Statistical analyses were performed with GraphPad Prism version 8 (GraphPad Software). Parameters such as sample size, the number of replicates, the number of independent experiments, measures of center, dispersion, and precision (mean ± SEM), and statistical significance are reported in Figures and Figure Legends.
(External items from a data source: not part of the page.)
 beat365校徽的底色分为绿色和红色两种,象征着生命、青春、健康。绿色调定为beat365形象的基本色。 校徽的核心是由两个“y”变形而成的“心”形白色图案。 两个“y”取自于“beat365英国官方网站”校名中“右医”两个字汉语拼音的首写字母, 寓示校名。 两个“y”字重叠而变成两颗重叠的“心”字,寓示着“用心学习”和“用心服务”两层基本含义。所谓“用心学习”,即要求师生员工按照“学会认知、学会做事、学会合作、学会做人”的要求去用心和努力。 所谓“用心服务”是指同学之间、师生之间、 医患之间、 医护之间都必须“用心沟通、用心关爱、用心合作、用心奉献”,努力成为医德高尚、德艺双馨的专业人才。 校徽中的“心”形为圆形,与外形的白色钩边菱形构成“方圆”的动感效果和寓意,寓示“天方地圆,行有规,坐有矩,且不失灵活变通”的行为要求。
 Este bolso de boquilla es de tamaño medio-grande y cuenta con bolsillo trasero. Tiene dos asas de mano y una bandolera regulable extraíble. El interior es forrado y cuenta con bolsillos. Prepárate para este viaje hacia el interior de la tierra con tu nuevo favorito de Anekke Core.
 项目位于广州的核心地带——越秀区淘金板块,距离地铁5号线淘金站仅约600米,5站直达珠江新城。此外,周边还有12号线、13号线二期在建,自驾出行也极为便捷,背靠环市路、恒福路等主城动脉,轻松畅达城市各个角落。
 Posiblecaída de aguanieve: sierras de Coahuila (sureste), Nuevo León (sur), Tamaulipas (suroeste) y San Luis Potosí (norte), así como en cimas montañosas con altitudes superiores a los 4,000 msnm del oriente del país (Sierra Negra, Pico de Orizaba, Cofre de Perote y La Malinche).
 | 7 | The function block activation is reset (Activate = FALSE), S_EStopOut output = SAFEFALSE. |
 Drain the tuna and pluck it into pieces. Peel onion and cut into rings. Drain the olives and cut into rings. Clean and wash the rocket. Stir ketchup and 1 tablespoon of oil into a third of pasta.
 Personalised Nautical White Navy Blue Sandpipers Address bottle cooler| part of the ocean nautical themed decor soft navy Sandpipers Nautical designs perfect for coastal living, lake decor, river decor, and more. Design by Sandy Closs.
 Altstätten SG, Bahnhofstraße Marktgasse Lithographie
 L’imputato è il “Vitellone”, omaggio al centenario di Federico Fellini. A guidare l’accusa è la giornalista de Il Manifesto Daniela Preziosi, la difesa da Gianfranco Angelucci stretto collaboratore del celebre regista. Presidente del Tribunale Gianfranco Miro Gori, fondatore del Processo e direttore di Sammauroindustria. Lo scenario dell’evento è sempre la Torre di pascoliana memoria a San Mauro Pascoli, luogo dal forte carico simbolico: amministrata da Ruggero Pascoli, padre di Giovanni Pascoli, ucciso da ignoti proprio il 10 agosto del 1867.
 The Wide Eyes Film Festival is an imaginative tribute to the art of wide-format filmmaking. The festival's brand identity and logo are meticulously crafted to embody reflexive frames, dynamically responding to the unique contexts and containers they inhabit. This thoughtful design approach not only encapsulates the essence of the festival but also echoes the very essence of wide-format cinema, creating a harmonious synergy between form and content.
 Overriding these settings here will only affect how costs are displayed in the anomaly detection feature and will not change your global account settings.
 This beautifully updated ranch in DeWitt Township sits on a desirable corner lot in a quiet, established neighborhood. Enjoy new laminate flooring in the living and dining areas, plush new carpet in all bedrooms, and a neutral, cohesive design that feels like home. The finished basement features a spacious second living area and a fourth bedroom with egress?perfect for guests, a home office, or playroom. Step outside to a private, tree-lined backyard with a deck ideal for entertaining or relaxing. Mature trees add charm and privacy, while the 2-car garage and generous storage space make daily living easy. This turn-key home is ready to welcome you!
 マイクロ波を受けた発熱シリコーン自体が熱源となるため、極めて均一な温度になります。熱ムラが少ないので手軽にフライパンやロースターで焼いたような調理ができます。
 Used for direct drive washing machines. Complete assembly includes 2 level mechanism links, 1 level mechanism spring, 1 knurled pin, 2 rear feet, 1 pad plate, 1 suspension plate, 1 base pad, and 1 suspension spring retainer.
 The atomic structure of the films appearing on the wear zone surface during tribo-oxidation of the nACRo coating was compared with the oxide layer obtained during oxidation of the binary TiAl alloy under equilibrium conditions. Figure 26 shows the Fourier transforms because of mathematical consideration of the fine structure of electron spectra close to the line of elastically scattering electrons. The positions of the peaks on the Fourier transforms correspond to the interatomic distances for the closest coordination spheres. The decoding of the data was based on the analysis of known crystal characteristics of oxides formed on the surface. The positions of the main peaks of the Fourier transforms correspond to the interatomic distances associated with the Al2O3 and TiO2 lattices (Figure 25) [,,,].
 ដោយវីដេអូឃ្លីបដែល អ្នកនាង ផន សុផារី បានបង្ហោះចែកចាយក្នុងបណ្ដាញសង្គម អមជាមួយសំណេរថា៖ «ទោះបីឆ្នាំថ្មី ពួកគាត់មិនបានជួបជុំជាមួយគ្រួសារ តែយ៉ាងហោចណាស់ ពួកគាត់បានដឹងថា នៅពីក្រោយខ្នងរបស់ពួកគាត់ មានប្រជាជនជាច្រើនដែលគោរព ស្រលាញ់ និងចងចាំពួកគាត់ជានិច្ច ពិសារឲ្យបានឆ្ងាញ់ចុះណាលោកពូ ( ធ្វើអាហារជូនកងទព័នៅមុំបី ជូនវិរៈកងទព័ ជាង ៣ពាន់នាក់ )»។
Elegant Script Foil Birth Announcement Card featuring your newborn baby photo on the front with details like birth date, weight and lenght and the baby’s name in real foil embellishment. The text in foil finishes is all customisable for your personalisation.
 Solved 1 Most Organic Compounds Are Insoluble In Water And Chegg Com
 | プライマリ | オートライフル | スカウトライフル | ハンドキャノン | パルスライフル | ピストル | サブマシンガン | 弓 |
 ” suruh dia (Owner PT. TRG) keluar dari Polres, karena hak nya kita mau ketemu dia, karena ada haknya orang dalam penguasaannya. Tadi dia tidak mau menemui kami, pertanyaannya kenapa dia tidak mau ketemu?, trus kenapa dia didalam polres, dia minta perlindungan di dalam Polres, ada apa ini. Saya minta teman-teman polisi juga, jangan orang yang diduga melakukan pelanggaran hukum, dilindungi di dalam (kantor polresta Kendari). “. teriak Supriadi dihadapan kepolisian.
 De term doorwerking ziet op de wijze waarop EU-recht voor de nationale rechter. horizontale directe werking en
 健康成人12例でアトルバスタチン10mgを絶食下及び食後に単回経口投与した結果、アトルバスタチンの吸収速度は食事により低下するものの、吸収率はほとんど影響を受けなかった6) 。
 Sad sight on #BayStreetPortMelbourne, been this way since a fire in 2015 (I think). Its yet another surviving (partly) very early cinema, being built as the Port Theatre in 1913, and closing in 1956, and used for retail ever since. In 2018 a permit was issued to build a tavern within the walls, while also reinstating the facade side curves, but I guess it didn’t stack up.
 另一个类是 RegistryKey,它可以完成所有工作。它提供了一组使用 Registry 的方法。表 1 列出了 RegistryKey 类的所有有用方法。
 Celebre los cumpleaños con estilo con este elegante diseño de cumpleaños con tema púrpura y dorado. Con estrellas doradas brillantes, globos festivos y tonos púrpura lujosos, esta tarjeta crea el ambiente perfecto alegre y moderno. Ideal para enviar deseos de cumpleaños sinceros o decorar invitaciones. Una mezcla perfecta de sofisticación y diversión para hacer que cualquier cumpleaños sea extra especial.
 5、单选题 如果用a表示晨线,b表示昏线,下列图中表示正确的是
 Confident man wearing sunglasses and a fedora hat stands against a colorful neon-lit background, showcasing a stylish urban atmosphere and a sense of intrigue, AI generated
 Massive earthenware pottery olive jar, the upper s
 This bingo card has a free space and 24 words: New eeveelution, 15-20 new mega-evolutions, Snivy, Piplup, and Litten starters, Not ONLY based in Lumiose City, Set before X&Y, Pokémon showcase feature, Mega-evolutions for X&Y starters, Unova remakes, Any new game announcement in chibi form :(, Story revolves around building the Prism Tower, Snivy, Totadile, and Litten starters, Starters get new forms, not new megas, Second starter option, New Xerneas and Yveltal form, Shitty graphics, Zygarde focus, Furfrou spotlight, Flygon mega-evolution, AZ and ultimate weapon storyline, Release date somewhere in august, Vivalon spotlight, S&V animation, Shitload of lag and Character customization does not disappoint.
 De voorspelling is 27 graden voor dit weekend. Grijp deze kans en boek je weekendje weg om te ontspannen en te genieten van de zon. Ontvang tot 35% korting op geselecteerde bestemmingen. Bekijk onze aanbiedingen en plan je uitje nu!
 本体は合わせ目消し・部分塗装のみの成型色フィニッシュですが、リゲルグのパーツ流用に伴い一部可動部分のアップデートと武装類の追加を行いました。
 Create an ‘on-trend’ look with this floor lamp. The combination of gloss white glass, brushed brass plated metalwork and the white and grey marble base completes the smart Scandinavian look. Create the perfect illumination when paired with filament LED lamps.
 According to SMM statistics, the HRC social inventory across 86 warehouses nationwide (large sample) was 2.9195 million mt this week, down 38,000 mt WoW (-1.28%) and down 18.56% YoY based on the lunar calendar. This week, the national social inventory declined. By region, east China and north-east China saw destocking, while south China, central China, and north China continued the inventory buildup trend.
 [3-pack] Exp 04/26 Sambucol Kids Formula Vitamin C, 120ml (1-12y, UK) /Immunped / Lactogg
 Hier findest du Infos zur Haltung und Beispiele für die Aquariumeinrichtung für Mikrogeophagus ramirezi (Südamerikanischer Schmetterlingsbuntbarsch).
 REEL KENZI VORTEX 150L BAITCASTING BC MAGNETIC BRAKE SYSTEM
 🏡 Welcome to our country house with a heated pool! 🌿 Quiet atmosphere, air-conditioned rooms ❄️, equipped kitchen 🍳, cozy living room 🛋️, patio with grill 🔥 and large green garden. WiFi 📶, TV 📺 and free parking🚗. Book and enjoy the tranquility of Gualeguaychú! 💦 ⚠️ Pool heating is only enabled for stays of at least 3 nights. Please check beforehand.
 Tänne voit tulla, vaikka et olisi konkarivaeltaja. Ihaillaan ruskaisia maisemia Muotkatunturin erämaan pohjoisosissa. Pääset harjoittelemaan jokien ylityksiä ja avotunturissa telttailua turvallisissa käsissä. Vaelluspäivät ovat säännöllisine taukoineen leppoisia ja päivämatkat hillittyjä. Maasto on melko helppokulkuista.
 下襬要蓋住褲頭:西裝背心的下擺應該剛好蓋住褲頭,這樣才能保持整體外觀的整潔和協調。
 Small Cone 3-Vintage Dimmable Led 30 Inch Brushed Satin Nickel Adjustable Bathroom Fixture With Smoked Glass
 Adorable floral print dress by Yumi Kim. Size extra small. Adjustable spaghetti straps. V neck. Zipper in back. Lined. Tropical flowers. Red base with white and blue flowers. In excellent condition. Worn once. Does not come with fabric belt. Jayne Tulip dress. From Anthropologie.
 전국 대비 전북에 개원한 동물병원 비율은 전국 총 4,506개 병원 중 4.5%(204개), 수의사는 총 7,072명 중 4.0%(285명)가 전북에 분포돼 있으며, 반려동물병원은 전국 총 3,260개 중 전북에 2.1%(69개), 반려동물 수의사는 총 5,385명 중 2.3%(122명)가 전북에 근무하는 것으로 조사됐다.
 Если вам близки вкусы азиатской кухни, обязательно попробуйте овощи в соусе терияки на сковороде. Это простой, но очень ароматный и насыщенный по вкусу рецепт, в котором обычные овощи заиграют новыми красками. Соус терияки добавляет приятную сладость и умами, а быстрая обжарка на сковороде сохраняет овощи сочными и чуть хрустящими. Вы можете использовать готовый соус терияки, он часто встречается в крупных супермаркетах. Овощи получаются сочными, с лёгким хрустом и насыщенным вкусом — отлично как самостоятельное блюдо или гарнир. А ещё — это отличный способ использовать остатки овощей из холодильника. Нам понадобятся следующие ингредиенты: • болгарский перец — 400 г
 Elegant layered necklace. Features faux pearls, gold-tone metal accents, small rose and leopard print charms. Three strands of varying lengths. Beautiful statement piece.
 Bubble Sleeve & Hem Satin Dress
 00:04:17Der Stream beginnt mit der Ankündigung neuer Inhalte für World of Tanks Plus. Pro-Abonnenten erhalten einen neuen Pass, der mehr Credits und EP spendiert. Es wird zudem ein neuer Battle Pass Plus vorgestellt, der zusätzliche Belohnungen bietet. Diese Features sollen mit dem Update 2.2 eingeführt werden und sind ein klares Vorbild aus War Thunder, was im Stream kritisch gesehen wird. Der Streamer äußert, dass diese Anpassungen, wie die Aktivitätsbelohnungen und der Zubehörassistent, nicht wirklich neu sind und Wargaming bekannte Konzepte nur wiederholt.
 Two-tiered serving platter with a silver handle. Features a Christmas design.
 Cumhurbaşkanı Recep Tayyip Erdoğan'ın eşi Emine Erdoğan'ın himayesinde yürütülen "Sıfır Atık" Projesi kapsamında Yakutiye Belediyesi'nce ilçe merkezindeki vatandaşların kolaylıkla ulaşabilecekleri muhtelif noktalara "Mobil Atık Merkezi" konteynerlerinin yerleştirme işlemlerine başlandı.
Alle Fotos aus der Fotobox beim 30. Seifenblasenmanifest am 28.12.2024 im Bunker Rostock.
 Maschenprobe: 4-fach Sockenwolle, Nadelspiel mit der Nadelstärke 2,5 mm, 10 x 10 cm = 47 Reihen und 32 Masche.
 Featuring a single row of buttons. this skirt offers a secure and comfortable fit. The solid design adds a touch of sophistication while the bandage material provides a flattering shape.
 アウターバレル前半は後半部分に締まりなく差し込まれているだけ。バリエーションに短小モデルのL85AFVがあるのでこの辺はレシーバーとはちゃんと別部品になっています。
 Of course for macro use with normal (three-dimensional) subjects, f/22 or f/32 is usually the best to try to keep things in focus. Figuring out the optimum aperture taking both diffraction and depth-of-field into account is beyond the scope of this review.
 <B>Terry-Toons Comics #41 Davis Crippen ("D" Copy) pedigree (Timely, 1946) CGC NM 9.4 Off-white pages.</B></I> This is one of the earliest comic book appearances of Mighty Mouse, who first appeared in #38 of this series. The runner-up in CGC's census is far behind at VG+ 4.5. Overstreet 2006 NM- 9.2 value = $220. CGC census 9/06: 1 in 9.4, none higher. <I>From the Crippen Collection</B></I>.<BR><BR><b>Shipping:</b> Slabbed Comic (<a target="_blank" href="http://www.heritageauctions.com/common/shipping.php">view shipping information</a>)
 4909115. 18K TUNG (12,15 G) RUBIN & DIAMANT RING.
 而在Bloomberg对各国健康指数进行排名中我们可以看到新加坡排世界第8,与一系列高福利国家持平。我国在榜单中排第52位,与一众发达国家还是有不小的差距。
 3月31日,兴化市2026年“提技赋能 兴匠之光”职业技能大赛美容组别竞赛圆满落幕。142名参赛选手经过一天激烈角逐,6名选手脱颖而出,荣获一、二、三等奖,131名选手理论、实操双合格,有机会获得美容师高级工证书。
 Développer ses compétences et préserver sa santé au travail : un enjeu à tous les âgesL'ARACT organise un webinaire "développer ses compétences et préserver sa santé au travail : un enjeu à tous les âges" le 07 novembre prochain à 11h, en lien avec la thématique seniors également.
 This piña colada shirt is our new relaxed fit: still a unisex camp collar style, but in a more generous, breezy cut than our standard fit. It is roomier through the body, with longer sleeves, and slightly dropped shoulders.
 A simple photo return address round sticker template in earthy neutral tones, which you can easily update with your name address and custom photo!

Results were considered statistically significant when P < 0.05 (*), P < 0.01 (**), P < 0.001 (***).

Reporting Summary.

Further information on research design is available in the Nature Research Reporting Summary linked to this article.

Software Availability.

The code and version of the dependencies are available in https://github.com/wxncailab/NatureMetabolism_Endothelial.

Data Availability Statement.

High-throughput sequencing data associated with this study (scRNA-seq, ChIP-seq and bulk RNA-seq) have been deposited Gene Expression Omnibus (GEO). Awiting GEO accession codes AAA, BBB, CCC.”